To meet compliance obligations in the cloud, Microsoft provides an array of integrated solutions, available across services, that provide end-to-end compliance needs:
- Information Protection & Governance
- Data Loss Prevention
- Information Protection
- Information Governance
- Records Management
- Insider Risk Management
- Communication Compliance
- Insider Risk Management
- Discovery and Response
- Audit
- Data Investigation
- Data subject requests
- eDiscovery
Like the Secure Score, Microsoft provides a Compliance Score within the Microsoft 365 compliance center. It’s a risk-based score measuring progress towards completing Microsoft-recommended compliance actions.
Foundation 3: Governance
Office 365 governance builds upon the first two foundations, ensuring the organization can meet compliance requirements and enforce appropriate security controls, but now looks at incorporating the user’s ability to access and interact with tools and services.

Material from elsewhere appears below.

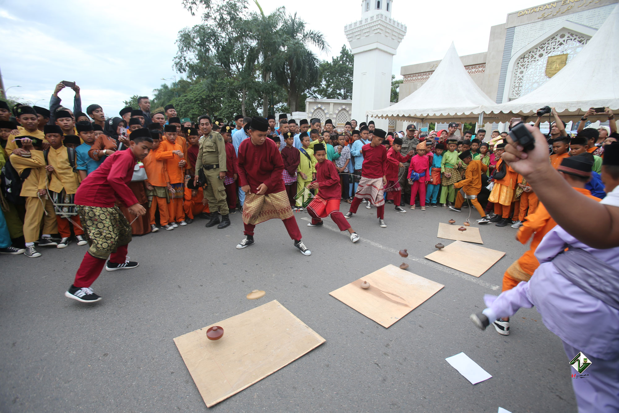HUMAS PEMKO BATAM – Siswa SD dan SLTP se Kota Batam berkumpul di sepanjang Jalan Engku Putri, Jumat (2/11). Mereka bersiap untuk memutar gasing di sepanjang jalan depan Kantor Walikota. Kegiatan tersebut merupakan rangkaian acara Kenduri Seni Melayu (KSM) Ke-20 Tahun 2018. Sebelum seribu gasing diputar serentak, pemutaran gasing diawali penampilan grup gasing dari Kecamatan Belakang Padang.

There is always a balance between risk and benefit. Designing to meet compliance and security requirements without understanding and analyzing business goals and priorities is a recipe for low adoption and poor user experience. This lack of planning often results in shadow IT and users finding unsanctioned tools to perform their jobs.
Governance decisions should be built directly into the solutions being implemented. Microsoft 365 provides out-of-the-box features that can be turned on and customized to meet many requirements. When native features don’t go far enough, Microsoft provides a robust set of APIs that can be used to create custom solutions that meet most needs.
The following governance capabilities are built directly within Teams, SharePoint, and Microsoft Entra ID:
- Naming policy
- Expiration policy
- Guest Access policy
- Self-Service Site creation policy
- Domain allow / block policy
- Team and site sharing policy
Note: Don’t forget to create a governance board. Record decisions and meet regularly to review and refine policies and procedures. Microsoft releases features weekly, users continue to learn and discover new ways to interact with these tools and services, and threat actors continue to develop more sophisticated ways of targeting organizations.
Strategy Creates a Successful Foundation
A strategic approach to Microsoft 365 focusing on security, compliance, and governance creates a foundation for long-term success. With an established governance board, key decisions are made up front and can be applied holistically as new services and workloads are enabled. Policies can be re-evaluated over time, reassessed as new capabilities are delivered, and updated as new user stories are created. And finally, change champion programs should be used as an effective adoption and change management strategy for educating, exciting, and preparing the organization for what’s to come.